However the argument that group voting infringes the prohibition on delegation seems to have been rejected already in McKenzie v Commonwealth (1984) 57 ALR 747: A candidate for the Senate in Queensland challenged the group voting provisions in a case argued just 4 days before the election. As a result, his application for an injunction was dealt with quickly, by one judge. Justice Gibbs said:
“it is right to say that the electors voting at a Senate election must vote for the individual candidates whom they wish to choose as senators but it is not right to say that the Constitution forbids the use of a system which enables the elector to vote for the individual candidates by reference to a group or ticket.
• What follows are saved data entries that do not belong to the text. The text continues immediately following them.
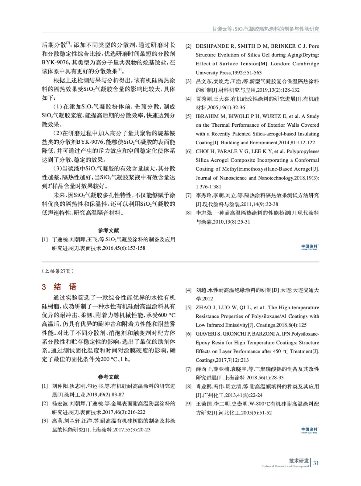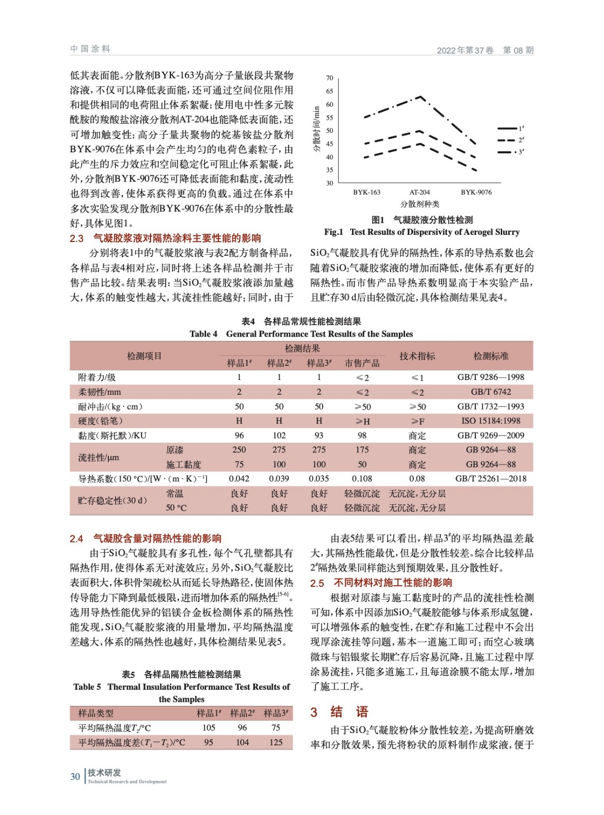 摘要:通過使用性能優(yōu)異的有機(jī)硅樹脂,可以使涂膜形成高度交聯(lián)的網(wǎng)狀結(jié)構(gòu),且能起到很好的屏蔽作用。另外,使用新型SiO2氣凝膠粉體材料,將其預(yù)先制備成一定比例的氣凝膠漿液,可提高在體系中的分散性。同時(shí),利用SiO2氣凝膠的多孔性、低熱導(dǎo)率等特點(diǎn)能夠使涂膜達(dá)到更好的隔熱效果,當(dāng)溫度高達(dá)200 ℃以上時(shí),依然能保持優(yōu)良的隔熱效果。
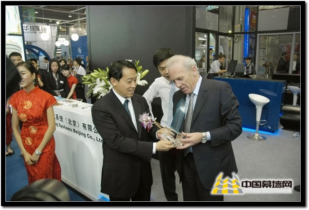 中國建筑金屬結構協會副秘書長鋁門窗幕墻委員會主任 黃圻與外國友人交流
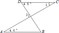 23、如图,AB∥CD,∠A=40°,∠D=45°,求∠1和∠2.

Members of Parliament were organized in political parties long before the Constitution was adopted and there is no reason to imply an inhibition on the use of a method of voting which recognizes political realities provided that the Constitution itself does not contain any indication that such a method is forbidden. No such indication, relevant to the present case, appears in the Constitution.”

The article is correct in saying that group voting has yet to be tested before a Full Court of the High Court. In any such challenge, the McKenzie decision would be influential, but not decisive.

I would however expect such a challenge to fail. As Chris C has pointed out, when the order of preference allocation is available to voters beforehand, and they are not compelled to vote that way, their choice to do so is merely a different, more convenient way of expressing their preference.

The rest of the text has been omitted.